PROBLEM DETAILS >> In this exercise, the entries below include pictures. Repeat exactly the lines from the line with "On the top of" to the line with "뉴스펀치 최영남 기자", including both, but without the pictures.

[Records from a dataset]
_ _ _ _ _ _ _

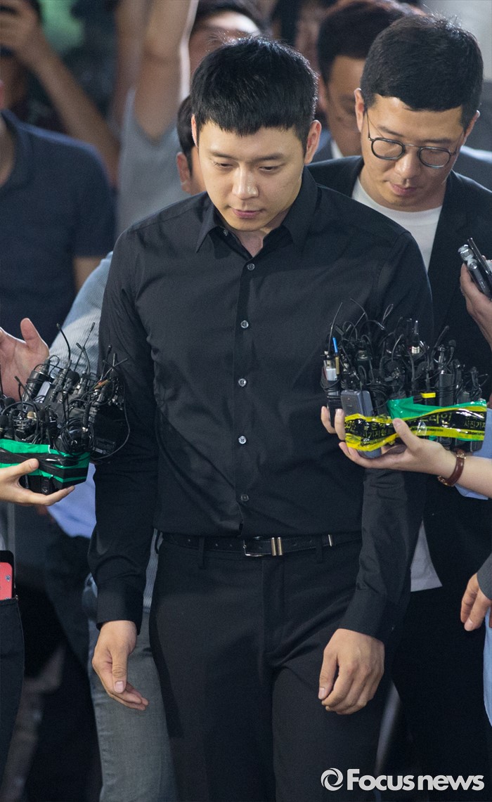 (서울=포커스뉴스) 성폭행 혐의로 4명의 여성에게 연이어 피소된 가수 겸 배우 박유천이 30일 오후 서울 강남경찰서로 출석하고 있다.
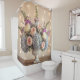 Adorn your bathroom with the romantic elegance of the Romantic Pastel Urn Arrangement shower curtain. This stunning design features a voluminous, professional-style bouquet set in a classic white pedestal urn, showcasing soft pastel flowers including delicate pink and cream roses, voluminous periwinkle blue hydrangeas, and tall spikes of purple foxglove. The arrangement is set against a dreamy, warm background softly blurred with ethereal bokeh lights, creating a luxurious and intimate atmosphere. It is the perfect statement piece for a sophisticated, vintage-inspired, or cottage core bathroom retreat.
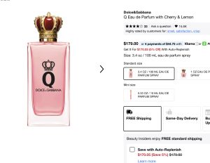 原价$175! .3 盎司淡香水喷雾 + 0.33 盎司淡香水喷雾, Q by Dolce&Gabbana 是一款以果香为主调、并辅以浓郁木质基调的香氛。西西里柠檬的清新气息,与樱桃那对比鲜明的酸甜滋味巧妙融合,赋予了这款香水一种既精致又大胆的独特香气
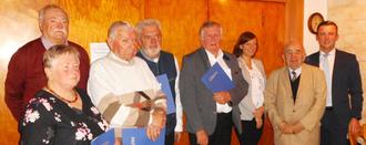 Das Bild zeigt v.li. Angela Konrad,dahinter Vorsitzender Reinhard Horn, Josef Konrad, Hans-Jürgen Konrad, Georg Konrad, Susanne Heinlein, Heinz Hausmann, 1. Bürgermeister Stefan Heinlein
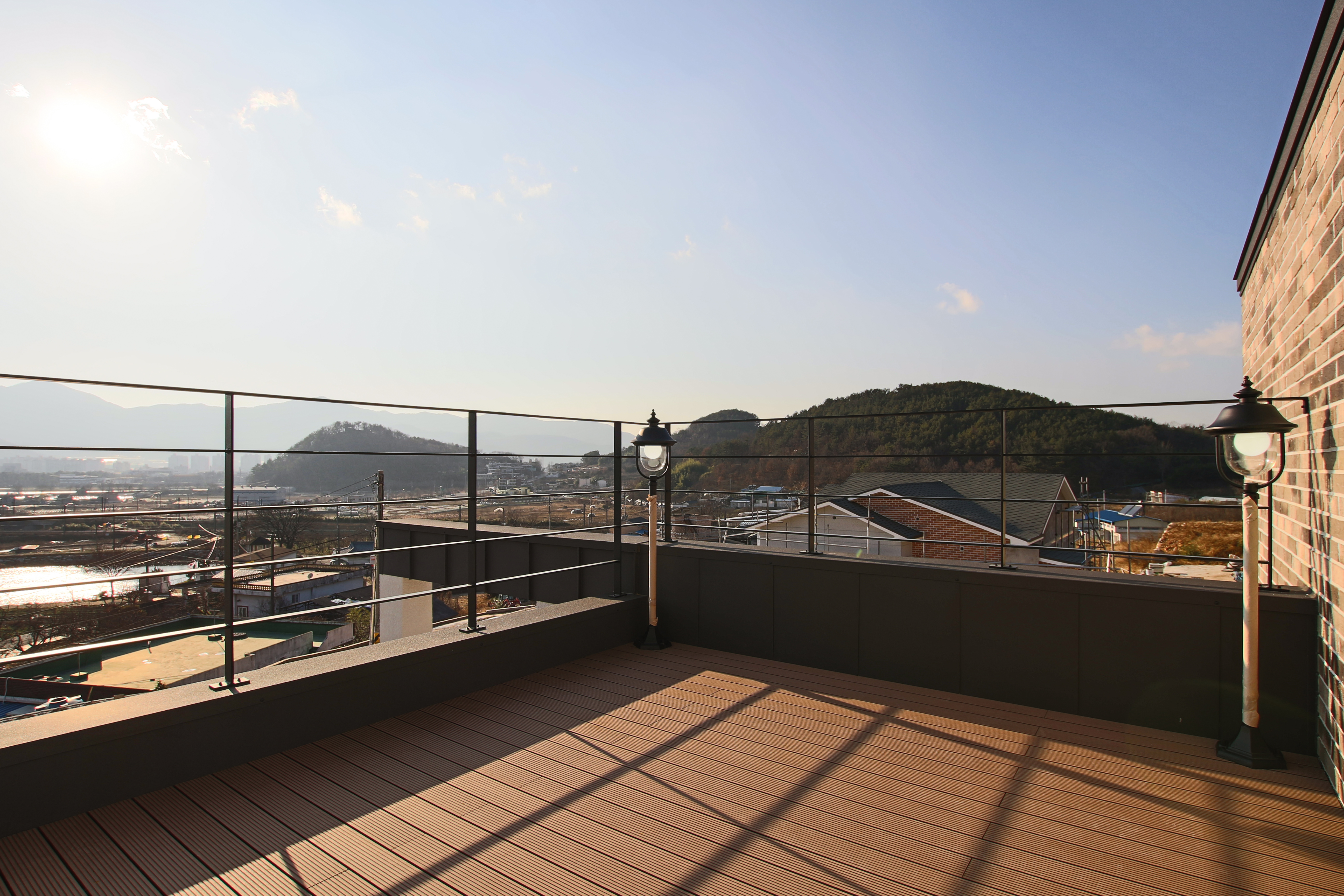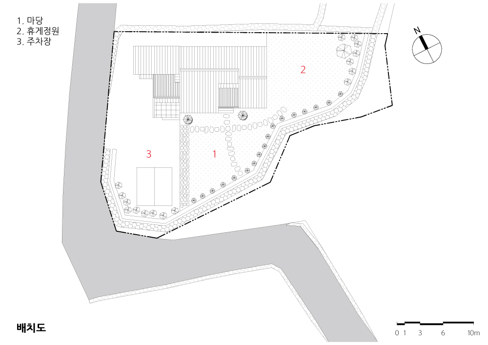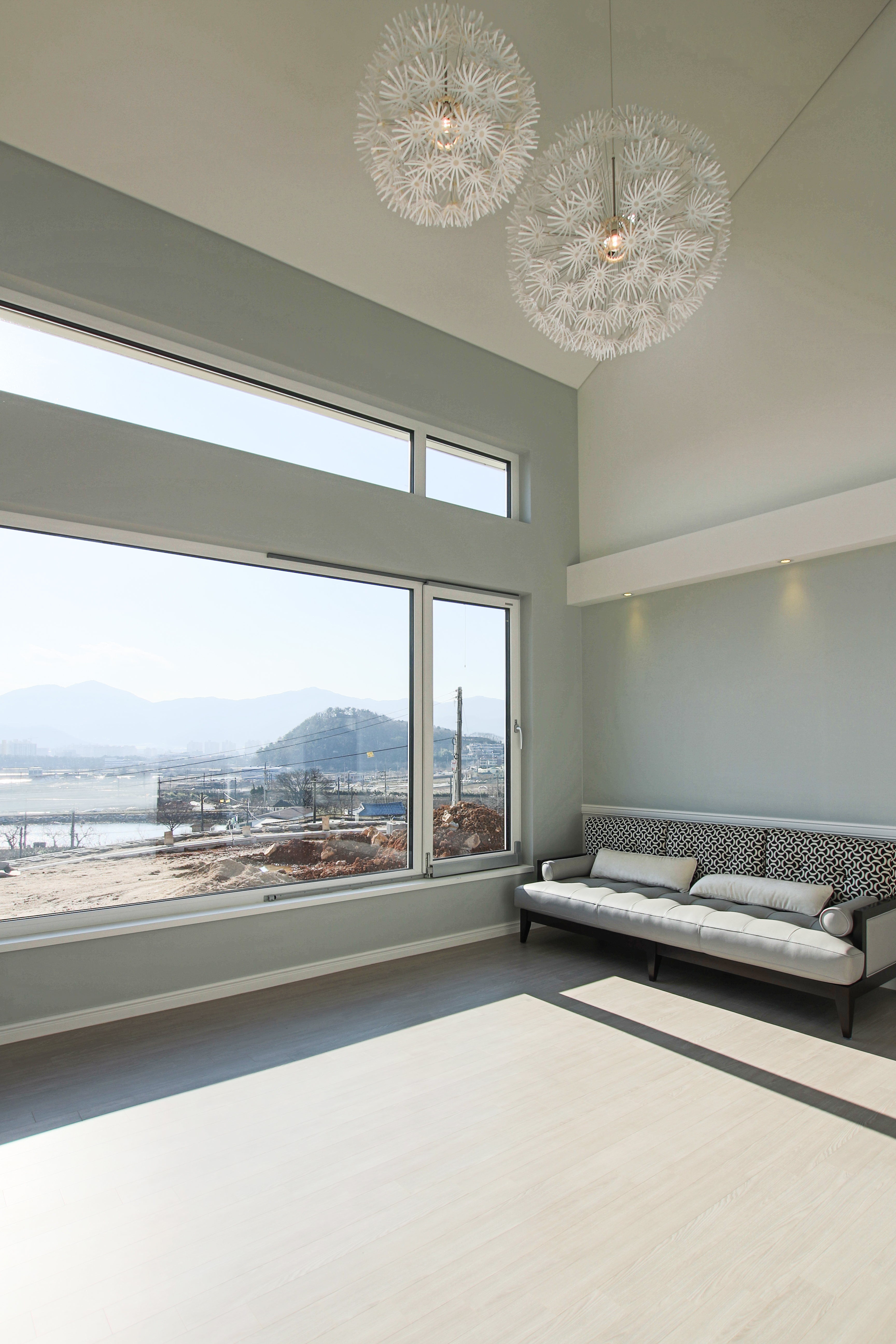 대지가 배산임수에 더 없이 좋은 언덕에 위치한 탓에 남쪽으로는 탁 트인 평야가 한눈에 들어오고 동서로는 아담한 산이 감싸고 있다. 이 대지 최고의 장점인 경치를 담아내는 것 은 대지가 주는 당연한 숙제였다. 남쪽 거실과 안방에 큰 창을 내 시원한 경치를 담음과 동시에 겨울에는 햇빛을 최대한 받아들이고 여름에는 외부 블라인드로 햇살을 차단함으 로써 에너지 효율을 높였다.
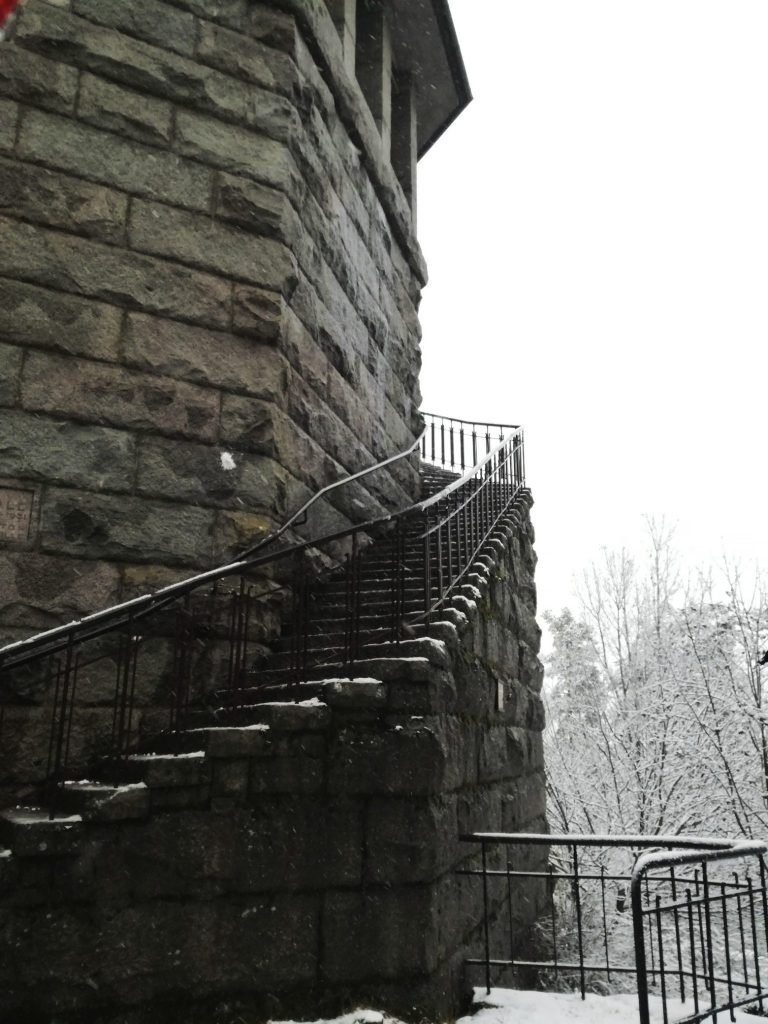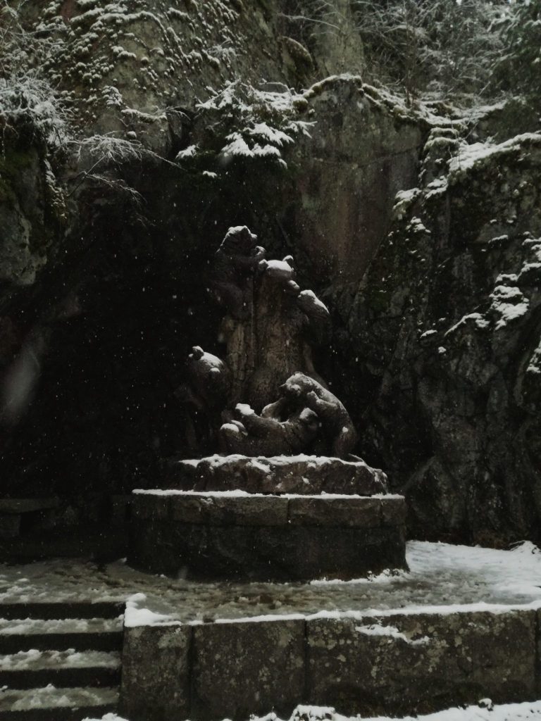 On the top of the hill there was a view tower which did not show much due to the thick mist. The steps to the tower are made from stone which gave a nice little added excitement for the walk as the steps were very slippery. Gladly there were only a few steps so the walk was not too bad. The more terrifying steps were next to the view point which led all the way down the side of the cliff. The icy, wet and slippery steps were quite tough to walk so if one was wearing bad shoes that walk down might not be worth the risk. At the bottom you can though admire a Bear statue and go behind it and giggle at the echo of the cliff.
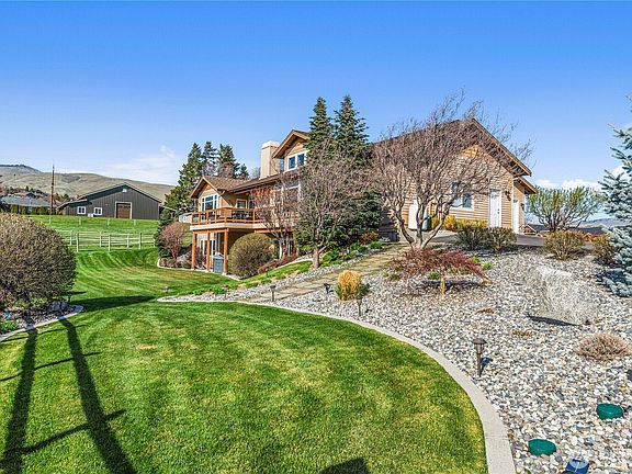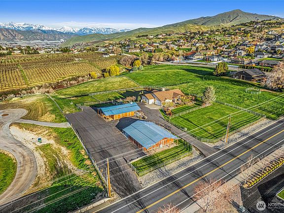 Beautiful Sunnyslope Custom home on 5 acres with sweeping views of the Wenatchee valley, Orchards and Cascade Mountain range. Comfortable 4 bedroom Daylight Rambler that has so much to offer. Open floor plan with river rock fireplace and bright sunny spacious kitchen with views to the Mountains. Primary suite with patio door to the deck. Library/office off the entry and additional main floor bedroom. Downstairs offers two more bedrooms, a second living area, and a large bonus exercise room. Attached Garage has a finished hobby room in 3rd stall. Two Deluxe Outbuildings- features a 5 car shop with HVAC and a second barn/shop with 4 horse stalls and a tack room. A rare blend of privacy, space, and stunning views—just minutes from town!
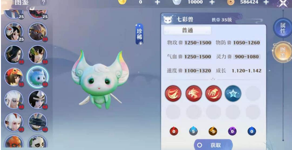 玩家通过珍兽挑战第五关获胜后,就可以免费获得七彩兽这个免费的灵兽了,这只灵兽的品质为珍稀。
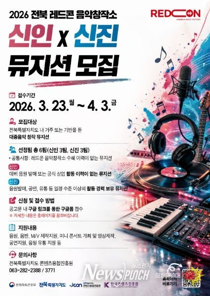 뉴스펀치 최영남 기자 | (재)전북특별자치도 콘텐츠융합진흥원은 전북 레드콘 음악창작소를 통해 전북 지역 대중음악 창작 생태계 활성화와 지역 뮤지션 육성을 위한 ‘2026 레드콘 예비·신진 뮤지션’공개 모집한다고 밝혔다.
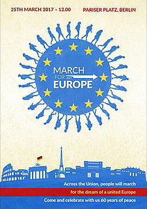Zum 60. Jubiläum der Römischen Verträge veranstaltet die UEF gemeinsam mit der JEF Europa, der Spinelli-Gruppe im Europäischen Parlament und vielen weiteren Partnern einen großen Demonstrationszug durch Rom. Der „March for Europe“ beginnt um 12 Uhr an der Piazza della Bocca della Verità im historischen Zentrum. Am Vormittag findet eine Konferenz mit prominenten Rednern im Kongresszentrum in der Nähe des Spanischen Platzes statt. Seien Sie dabei, wenn Föderalistinnen und Föderalisten aus ganz Europa Flagge zeigen für unsere Vision… » weiterlesen
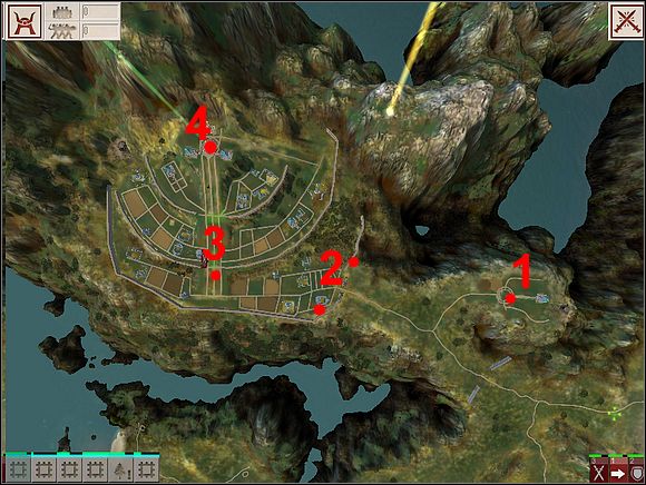 ابتدا، آخرین دهکده را تصرف کنید.(نقطه 1) نیروهایتان را درمان کنید. (نقطه 2) موقعیت دیوار و کمانداران بالای آن را معین می کند. با استفاده از موجودتان آنها را نابود کنید.
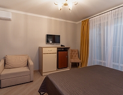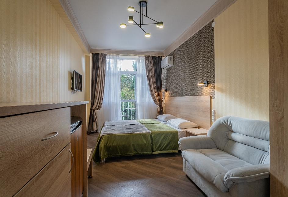 Расположение: Первая линия у моря (70 м до пляжа), 3 км до центра, 59 км до аэропорта Адлер

_ _ _ _ _ _ _

EXPECTED ANSWER >>
 On the top of the hill there was a view tower which did not show much due to the thick mist. The steps to the tower are made from stone which gave a nice little added excitement for the walk as the steps were very slippery. Gladly there were only a few steps so the walk was not too bad. The more terrifying steps were next to the view point which led all the way down the side of the cliff. The icy, wet and slippery steps were quite tough to walk so if one was wearing bad shoes that walk down might not be worth the risk. At the bottom you can though admire a Bear statue and go behind it and giggle at the echo of the cliff.
 Beautiful Sunnyslope Custom home on 5 acres with sweeping views of the Wenatchee valley, Orchards and Cascade Mountain range. Comfortable 4 bedroom Daylight Rambler that has so much to offer. Open floor plan with river rock fireplace and bright sunny spacious kitchen with views to the Mountains. Primary suite with patio door to the deck. Library/office off the entry and additional main floor bedroom. Downstairs offers two more bedrooms, a second living area, and a large bonus exercise room. Attached Garage has a finished hobby room in 3rd stall. Two Deluxe Outbuildings- features a 5 car shop with HVAC and a second barn/shop with 4 horse stalls and a tack room. A rare blend of privacy, space, and stunning views—just minutes from town!
 玩家通过珍兽挑战第五关获胜后,就可以免费获得七彩兽这个免费的灵兽了,这只灵兽的品质为珍稀。
 뉴스펀치 최영남 기자 | (재)전북특별자치도 콘텐츠융합진흥원은 전북 레드콘 음악창작소를 통해 전북 지역 대중음악 창작 생태계 활성화와 지역 뮤지션 육성을 위한 ‘2026 레드콘 예비·신진 뮤지션’공개 모집한다고 밝혔다.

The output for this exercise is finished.